Первым подтверждением этих строк явилась книга “Катер связи”, которая отразила второе познание Родины. Е. Евтушенко не довольствуется впечатляющим сюжетом, он насыщает этот сюжет подробностями, которые можно почерпнуть лишь в самой жизни.

Он создал галерею лирических портретов, подтвердив свою известную строку: “Людей неинтересных в мире нет”. Любовью к людям поэт выражает любовь к Родине. Не может не радовать стремление поэта к истории. Его поэма “Казанский университет” связана с прошлым нашего отечества.

Большое место в творчестве Евгения Евтушенко занимает любовная лирика. Все его стихи о любви накоплены тревожным биением сердца. В его стихах путь к любимой — это поиск смысла жизни, единственного и неповторимого счастья, путь к себе. Е. Евтушенко умеет разговаривать стихами, пи сать для людей, обладающих хорошим слухом. В своих стихах он вступает в духовный контакт с читателем. Его стихи открываются непосредственным обращением к другу, к любимой. К любовной лирике относятся такие стихотворения, как “Любимая, спи...”, “Нет, мне ни в чем не надо половины!”.

Творчество Е. Евтушенко многообразно в жанровом и тематическом плане. Обращаясь к самым различным проблемам современности, поэт в их эстетическом освещении опирается на традиции А. Пушкина, Н. Некрасова, В. Маяковского, А. Твардовского.

Евтушенко всегда и поэт, и публицист. Даже в программных стихах, а может, особенно в программных, он рассматривает действительность в исторической и нравственной связи:

Есенин, милый, изменилась Русь.

Но говорить, что к лучшему — не стану,

А говорить, что к худшему — боюсь.

Достигшее зрелости творчество Евгения Евтушенко не утратило обаяния молодости. В этом одна из причин неослабевающего интереса к его отзывчивой музе.

Таким образом, поэтический процесс 60-х годов представляет собой весьма сложную картину, что заставляет наметить тенденции и перспективы развития советской поэзии того времени, поставившего перед поэтами важнейшие задачи: развитие качественно нового историзма, углубление и творческое освоение традиций русского классического стиха, формирование новой личности. В целом же для поэзии 60-х годов наиболее характерным оказалось глубокое чувство истории, ее философская насыщенность.

15. Жанровое своеобразие книги В.Астафьева «Царь-рыба»

Настоящим событием в жизни и в литературе стало повествование в рассказах «Царь-рыба». Это удивительное произведение проникнуто страстной любовью к родной природе и негодованием по отношению к тем, кто своим равнодушием, жадностью, безумностью губит её. На вопрос о теме «Царь-рыбы» Астафьев ответил: «Наверное, это тема духовного общения человека с миром… Духовное существование в мире – так бы я определил тему «Царь-рыбы». Не впервые возникает она в нашей литературе, но, может быть, впервые зазвучала столь громко и широко».
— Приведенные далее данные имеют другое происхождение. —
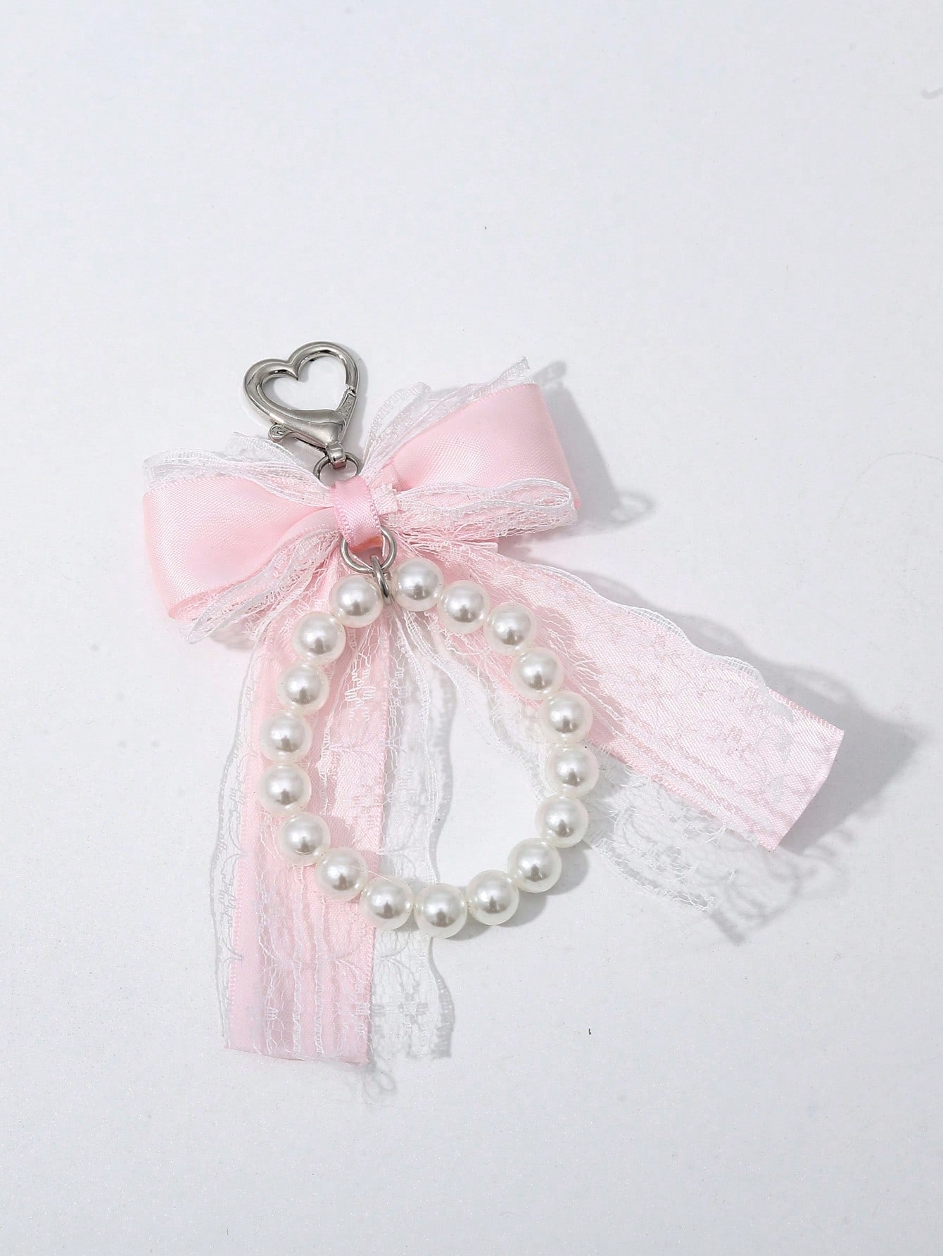 Kawaii Lindo colgante de bolso con forma de corazón, moño y perlas falsas

Можно выделить как общепризнанное, что основные «герои» произведения – Человек и Природа, взаимодействие которых осмыслено в их гармонии и противоречии, в их общности и обособленности, в их взаимовлиянии и отталкивании, как представляется оно писателю сегодня – едва ли не в самый сложный период их «сосуществования» за всю человеческую историю. Иначе сказать, мы имеем дело с произведением откровенно и подчеркнуто социально-философским, в котором мысли и чувства воплощены в образы масштабные, имеющие общечеловеческое значение.
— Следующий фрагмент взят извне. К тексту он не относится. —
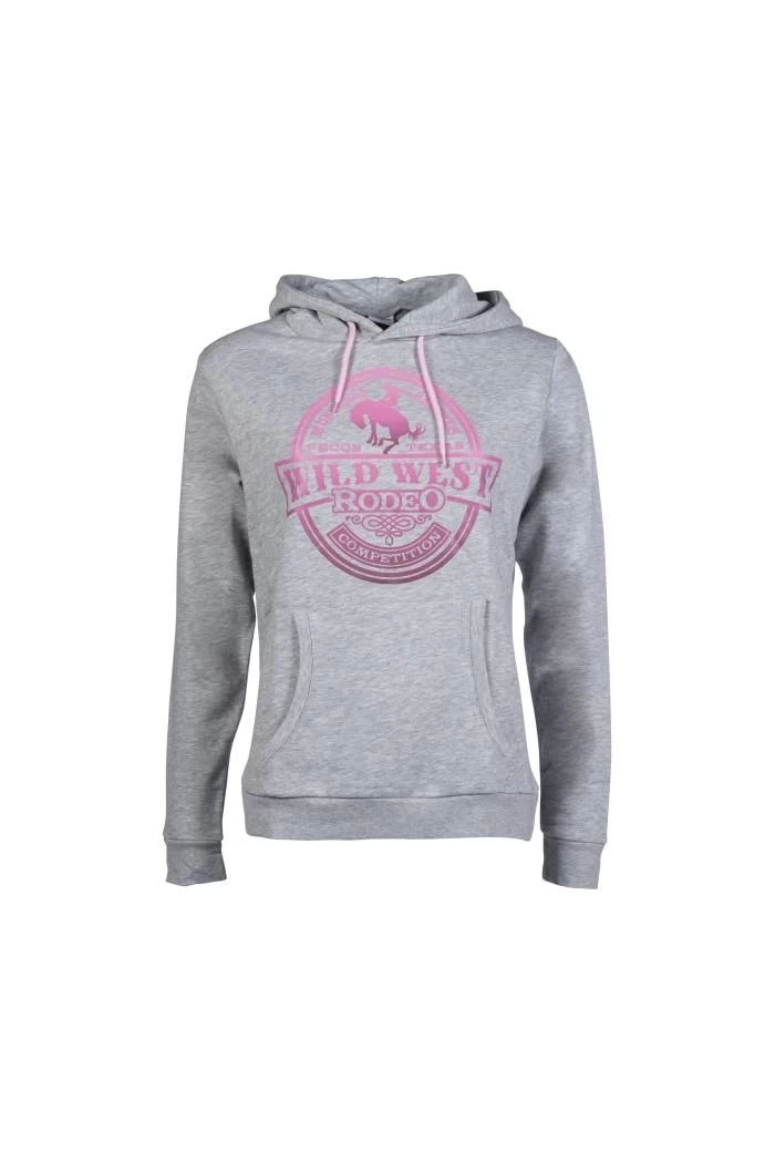 Der Hoody Wild West ist ein Kapuzenpullover aus pflegeleichtem und hautfreundlichen Baumwollmischgewebe mit Außentasche, der mit seinem glänzenden Rodeo-Druck auf der Vorderseite ein echter Hingucker ist.

Астафьев не идеализирует природу и ее законы, а художественно исследует их противоречивое содержание. Природа не только врачует душу человека (глава «Капля»), но может быть слепа и жестока, как мы видим это, например, в главе «Поминки». Разум и духовный опыт позволяют человеку установить гармонические взаимоотношения между ним и природой, активно используя и пополняя ее богатства. Гармония взаимоотношений человека и природы, предполагающая и борьбу, исключает уничтожение. В человеческой душе заложено чувство бережного отношения ко всему живому на земле, к красоте лесов, рек, морей. Бессмысленное уничтожение природы разрушающе сказывается на самом человеке. Природные и социальные законы не дают ему права переступить ту «черту, за которой кончается человек, и из дальних, наполненных пещерной жутью времен выставляет и глядит, не моргая, низколобое, клыкастое мурло первобытного дикаря».

В «Царь-рыбе» жизненный материал разных послевоенных десятилетий спрессован, подчиняясь философскому смыслу идейного содержания. Постоянное сравнение прошедшего с настоящим, стремление автора полнее воплотить характер, поступки; духовные черты персонажей обуславливают временные сдвиги в произведении.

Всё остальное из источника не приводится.